▸ WHAT TO WORK ON:
Would you write out the lines below exactly, from the one containing "Picture a night" to the very last, but without the pictures?

Segment Start: RAW DATA

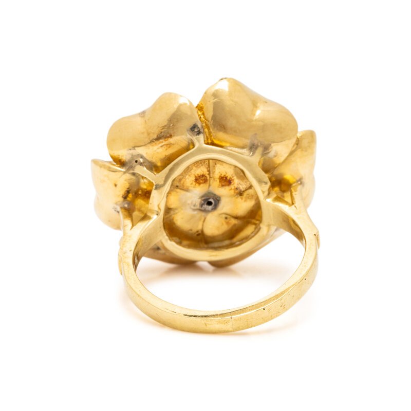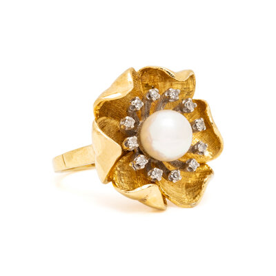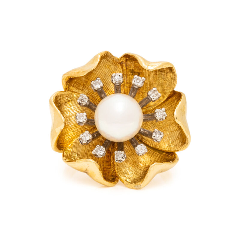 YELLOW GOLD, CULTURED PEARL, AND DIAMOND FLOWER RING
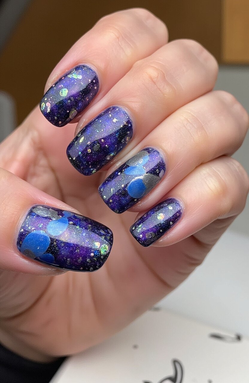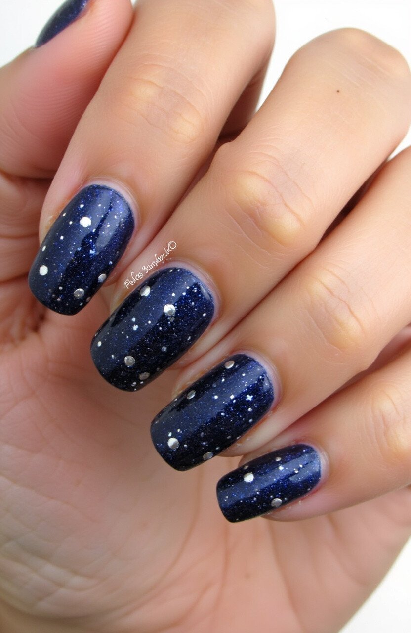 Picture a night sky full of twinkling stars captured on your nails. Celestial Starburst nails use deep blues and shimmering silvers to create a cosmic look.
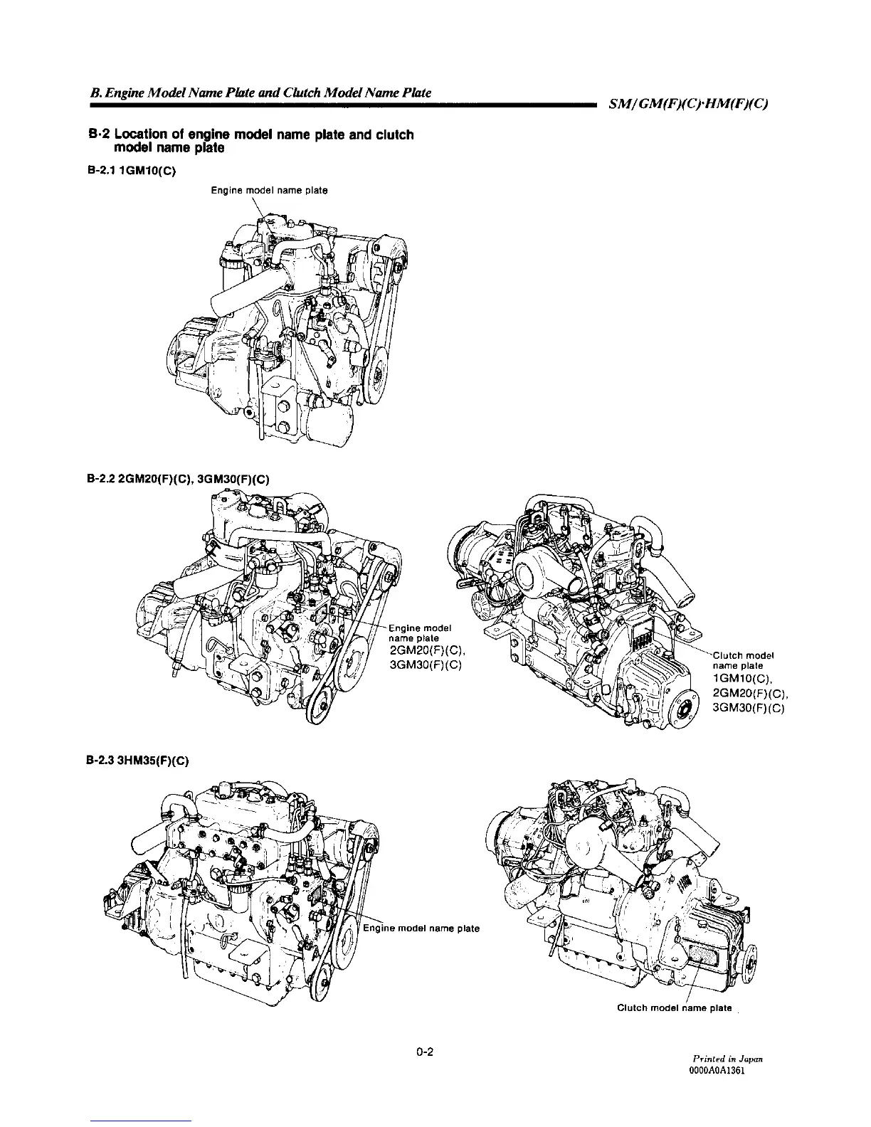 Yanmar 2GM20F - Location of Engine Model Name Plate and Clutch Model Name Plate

Segment End: RAW DATA

▸ ANSWER TO THE EXERCISE:
 Picture a night sky full of twinkling stars captured on your nails. Celestial Starburst nails use deep blues and shimmering silvers to create a cosmic look.
 Yanmar 2GM20F - Location of Engine Model Name Plate and Clutch Model Name Plate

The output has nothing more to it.